Users of (web) search engines typically employ keyword-based queries to express their information needs. These queries are often underspecified or ambiguous to some extent [29]. Different users who pose exactly the same query may have very different query intents. Simultaneously, the documents retrieved by an IR system may reflect superfluous information. Search result diversification aims to solve this problem, by returning diverse results that can fulfill as many different information needs as possible. Published literature on search result diversification is reviewed in [30,31].

The maximal marginal relevance criterion (MMR), presented in [3], is one of the earliest works on diversification and aims at maximizing relevance while minimizing similarity to higher ranked documents. Search results are re-ranked as the combination of two metrics, one measuring the similarity among documents and the other the similarity between documents and the query. In [4], a set of diversification axioms is introduced, and it is proven that it is not possible for a diversification algorithm to satisfy all of them. Additionally, since there is no single objective function suitable for every application domain, the authors propose three diversification objectives, which we adopt in our work. These objectives differ in the level where the diversity is calculated, e.g., whether it is calculated per separate document or on the average of the currently-selected documents.

In another approach, researchers utilized explicit knowledge so as to diversify search results. In [32], the authors proposed a diversification framework, where the different aspects of a given query are represented in terms of sub-queries, and documents are ranked based on their relevance to each sub-query, while in [33] the authors proposed a diversification objective that tries to maximize the likelihood of finding a relevant document in the

t o p - k

positions given the categorical information of the queries and documents. Finally, the work described in [34] organizes user intents in a hierarchical structure and proposes a diversification framework to explicitly leverage the hierarchical intent.
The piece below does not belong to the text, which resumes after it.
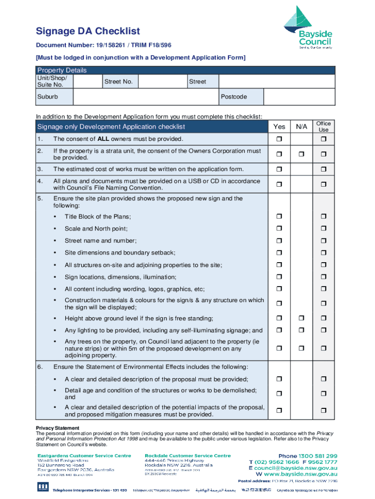 Signage DA Checklist Document Number: 19/158261 / TRIM F18/596 [Must be lodged in conjunction with a Development Application Form]Property Details Unit/Shop/ Suite No. Street No. StreetSuburbPostcodeIn

The key difference between these works and the ones utilized in this paper is that we do not rely on external knowledge, e.g., taxonomy, query logs to generate diverse results. Queries are rarely known in advance, thus probabilistic methods to compute external information are not only expensive to compute, but also have a specialized domain of applicability. Instead, we evaluate methods that rely only on implicit knowledge of the legal corpus utilized and on computed values, using similarity (relevance) and diversity functions in the data domain.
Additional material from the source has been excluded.